That said, the real issue is probably that the nuclei detector is failing on some ROIs. I dug around a bit and noticed that the nuclei detector is finding far fewer nuclei in some ROIs that it should. For example, on BRACS_1897_DCIS_4.png
it's only detecting 4 nuclei, although for this example specifically it doesn't even make it out of graph generation properly because it breaks the handcrafted nuclei concept extractor too, which is a whole 'nother issue.
Full traceback:
Traceback (most recent call last):
File "/home/liaoc2/miniconda3/envs/hactnet_hpc/lib/python3.7/runpy.py", line 193, in _run_module_as_main
"__main__", mod_spec)
File "/home/liaoc2/miniconda3/envs/hactnet_hpc/lib/python3.7/runpy.py", line 85, in _run_code
exec(code, run_globals)
File "/home/liaoc2/.vscode-server/extensions/ms-python.python-2022.16.0/pythonFiles/lib/python/debugpy/adapter/../../debugpy/launcher/../../debugpy/__main__.py", line 39, in <module>
cli.main()
File "/home/liaoc2/.vscode-server/extensions/ms-python.python-2022.16.0/pythonFiles/lib/python/debugpy/adapter/../../debugpy/launcher/../../debugpy/../debugpy/server/cli.py", line 430, in main
run()
File "/home/liaoc2/.vscode-server/extensions/ms-python.python-2022.16.0/pythonFiles/lib/python/debugpy/adapter/../../debugpy/launcher/../../debugpy/../debugpy/server/cli.py", line 284, in run_file
runpy.run_path(target, run_name="__main__")

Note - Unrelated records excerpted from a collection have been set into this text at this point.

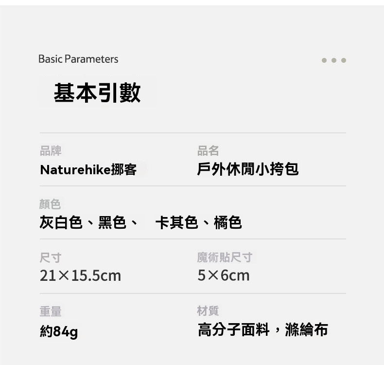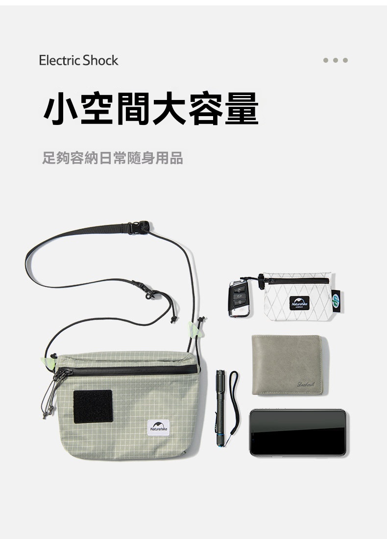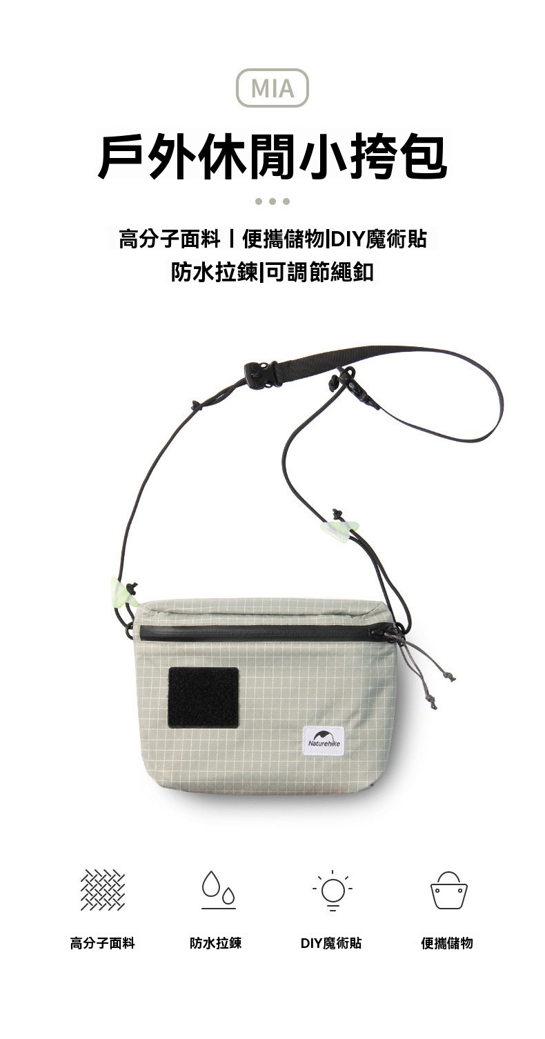 Naturehike ZT-12 Mia 3L多功能收納小包包,採用輕量高分子面料,僅重約84克,便攜設計適合日常隨身攜帶。YKK防水拉鍊確保物品乾爽,夜光網釦方便暗光環境使用。小空間大容量,能輕鬆收納手機、鑰匙等隨身物品,背面魔術貼口袋增加儲物靈活性,是戶外活動或都市休閒的實用配件。
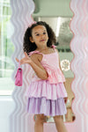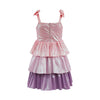 • Stunning ombre shimmer dress with cascading pastel ruffles for a dreamy look.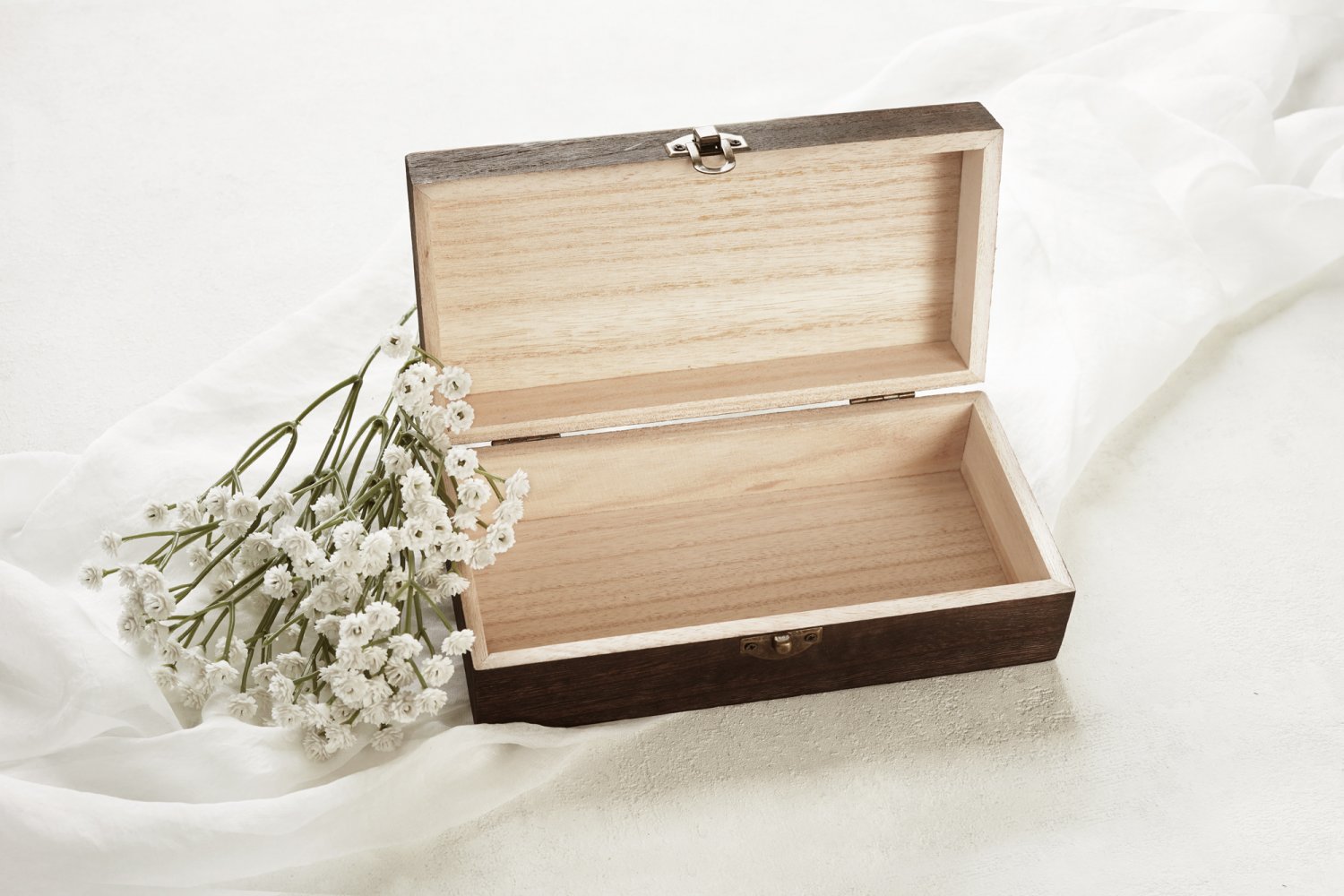 Personliggjort trææske med fødselsinformationer til de bedste minder, foto eller som en sød gaveidé. Æske fremstilles af olieret wengetræ med låg og lås og ovenpå udskæres det udvalgt navne i birketræ.

File "/home/liaoc2/.vscode-server/extensions/ms-python.python-2022.16.0/pythonFiles/lib/python/debugpy/_vendored/pydevd/_pydevd_bundle/pydevd_runpy.py", line 322, in run_path
pkg_name=pkg_name, script_name=fname)
File "/home/liaoc2/.vscode-server/extensions/ms-python.python-2022.16.0/pythonFiles/lib/python/debugpy/_vendored/pydevd/_pydevd_bundle/pydevd_runpy.py", line 136, in _run_module_code
mod_name, mod_spec, pkg_name, script_name)
File "/home/liaoc2/.vscode-server/extensions/ms-python.python-2022.16.0/pythonFiles/lib/python/debugpy/_vendored/pydevd/_pydevd_bundle/pydevd_runpy.py", line 124, in _run_code
exec(code, run_globals)
File "run_qualitative_analysis.py", line 373, in <module>
main(args=parse_arguments())
File "run_qualitative_analysis.py", line 339, in main
tumor_label_list=labels
File "run_qualitative_analysis.py", line 97, in process
all_histograms = self._compute_attr_histograms(nuclei_importance_list, nuclei_concept_list, tumor_label_list, n_attrs)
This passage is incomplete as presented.